# Work request
A verbatim transcript of the data that follows, free of images, is the expected result.

# Provided material
* * * * * * * * *

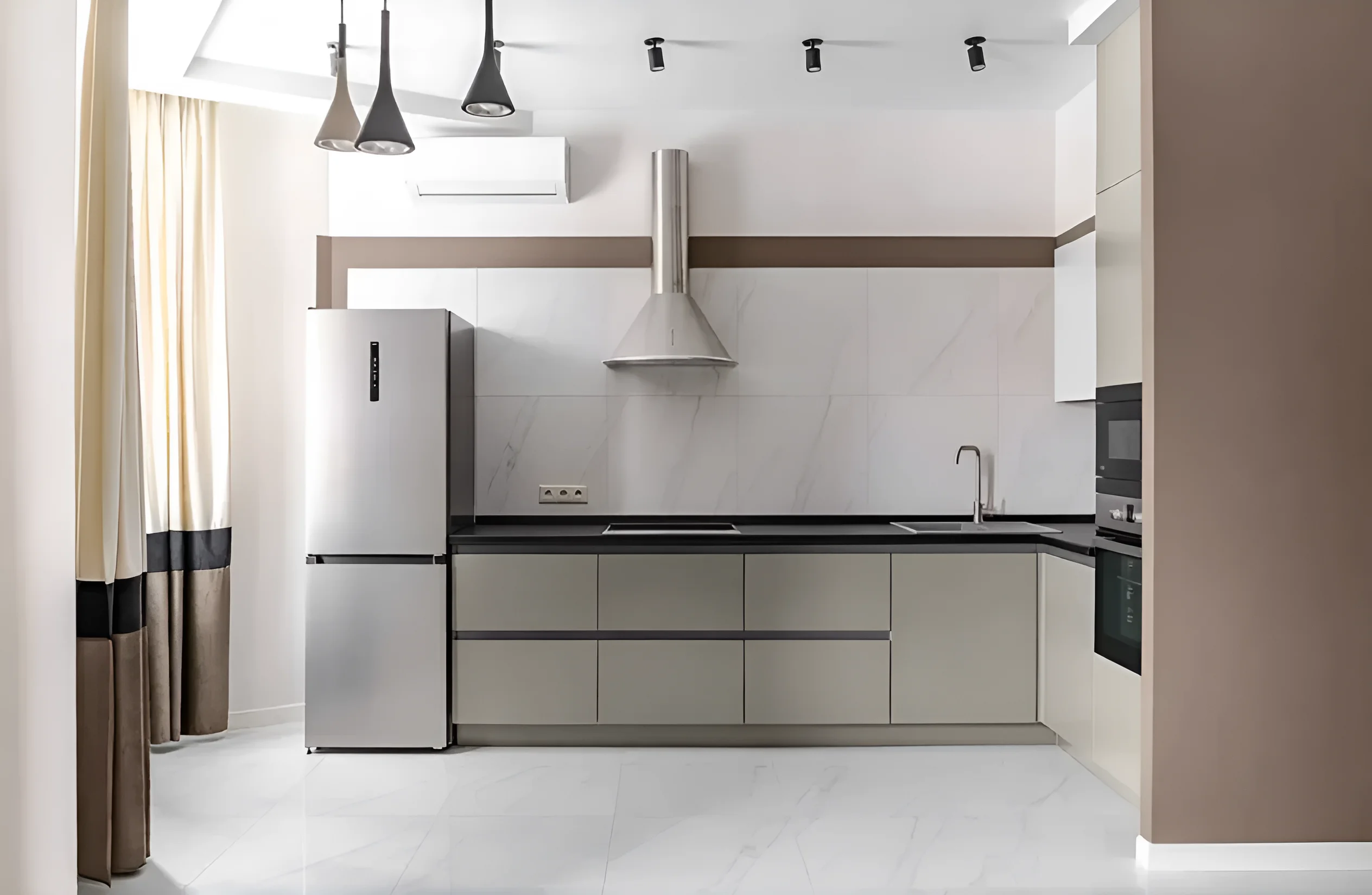 Кухня «Gola ручка» – это воплощение современных тенденций в мебельном дизайне. Отличительной особенностью данной серии является интегрированная система ручек Gola, которая создает эффект монолитных фасадов без выступающих элементов. Это не только придает кухне невероятно стильный и лаконичный вид, но и значительно упрощает уход за поверхностями, предотвращая скопление грязи. Цвет фасадов Капучино – это универсальный и очень уютный оттенок, который легко комбинируется с различными элементами декора, создавая теплую и располагающую к общению атмосферу. Фасады серии «Эко» выполнены из ДСП с МДФ рамкой и ламинированной вставкой, что гарантирует их долговечность, устойчивость к влаге и механическим повреждениям, а также легкость в уходе. Покрытие фасадов с МДФ рамки и вставки из ламинированной ДСП придает им особую прочность и эстетичный вид.
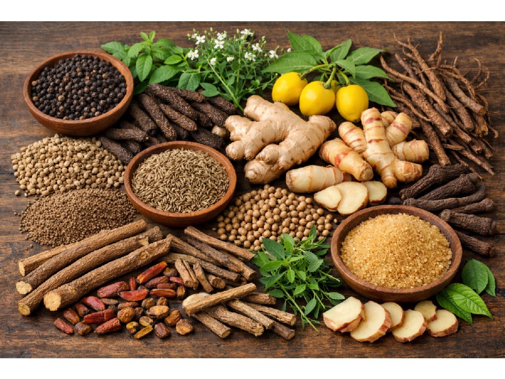 černý pepř (Piper nigrum, plod), dlouhý pepř (Piper longum, plod), římský kmín (Cuminum cyminum, semeno), zázvor lékařský (Zingiber officinale, oddenek), lilek žlutoplodý (Solanum xanthocarpum, celá rostlina), premna herbacea (Premna herbacea, kořen), galgán (Alpinia galanga, oddenek), hedyotis corymbosa (Hedyotis corymbosa, celá rostlina), vyvinutec (Andrographis paniculata, celá rostlina), kmín koptský / ajowan (Trachyspermum ammi, semena), koriandr setý (Coriandrum sativum, semeno), kolumbské dřevo (Berberis aristata, stopka), lékořice lysá (Glycyrrhiza glabra, kořen), vasika lékařská (Adhatoda vasica, kořen), třtinový cukr.
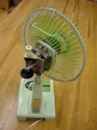 この扇風機はこのままの姿でモーター(電動機)の学習用に使っているものです。
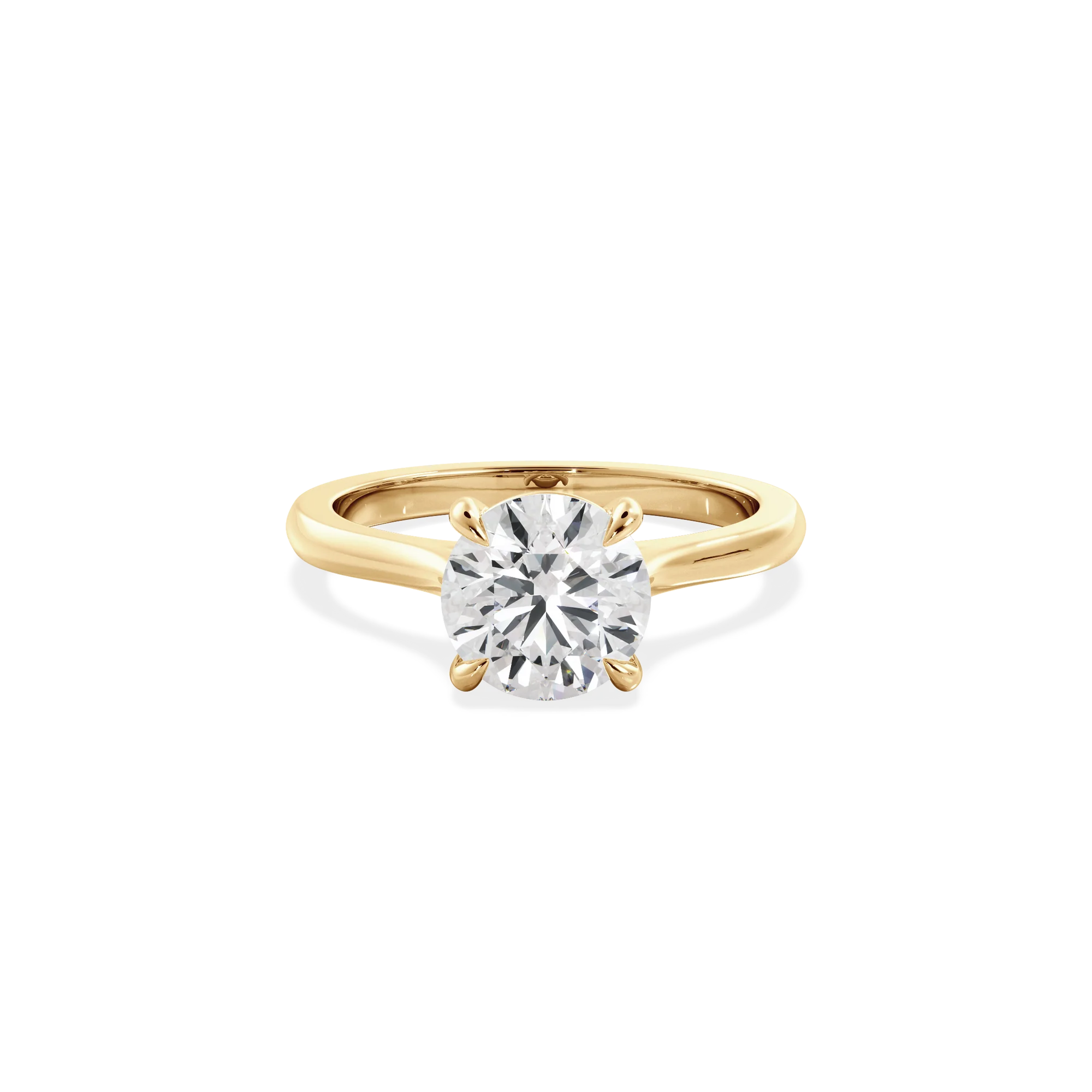 Anillo de compromiso estilo round Oro amarillo, con circonita AAA+ 1 quilates. 6,5 mm. Un ancho de banda de 2 mm esti...

* * * * * * * * *

# Task answer
 Кухня «Gola ручка» – это воплощение современных тенденций в мебельном дизайне. Отличительной особенностью данной серии является интегрированная система ручек Gola, которая создает эффект монолитных фасадов без выступающих элементов. Это не только придает кухне невероятно стильный и лаконичный вид, но и значительно упрощает уход за поверхностями, предотвращая скопление грязи. Цвет фасадов Капучино – это универсальный и очень уютный оттенок, который легко комбинируется с различными элементами декора, создавая теплую и располагающую к общению атмосферу. Фасады серии «Эко» выполнены из ДСП с МДФ рамкой и ламинированной вставкой, что гарантирует их долговечность, устойчивость к влаге и механическим повреждениям, а также легкость в уходе. Покрытие фасадов с МДФ рамки и вставки из ламинированной ДСП придает им особую прочность и эстетичный вид.
 černý pepř (Piper nigrum, plod), dlouhý pepř (Piper longum, plod), římský kmín (Cuminum cyminum, semeno), zázvor lékařský (Zingiber officinale, oddenek), lilek žlutoplodý (Solanum xanthocarpum, celá rostlina), premna herbacea (Premna herbacea, kořen), galgán (Alpinia galanga, oddenek), hedyotis corymbosa (Hedyotis corymbosa, celá rostlina), vyvinutec (Andrographis paniculata, celá rostlina), kmín koptský / ajowan (Trachyspermum ammi, semena), koriandr setý (Coriandrum sativum, semeno), kolumbské dřevo (Berberis aristata, stopka), lékořice lysá (Glycyrrhiza glabra, kořen), vasika lékařská (Adhatoda vasica, kořen), třtinový cukr.
 この扇風機はこのままの姿でモーター(電動機)の学習用に使っているものです。
 Anillo de compromiso estilo round Oro amarillo, con circonita AAA+ 1 quilates. 6,5 mm. Un ancho de banda de 2 mm esti...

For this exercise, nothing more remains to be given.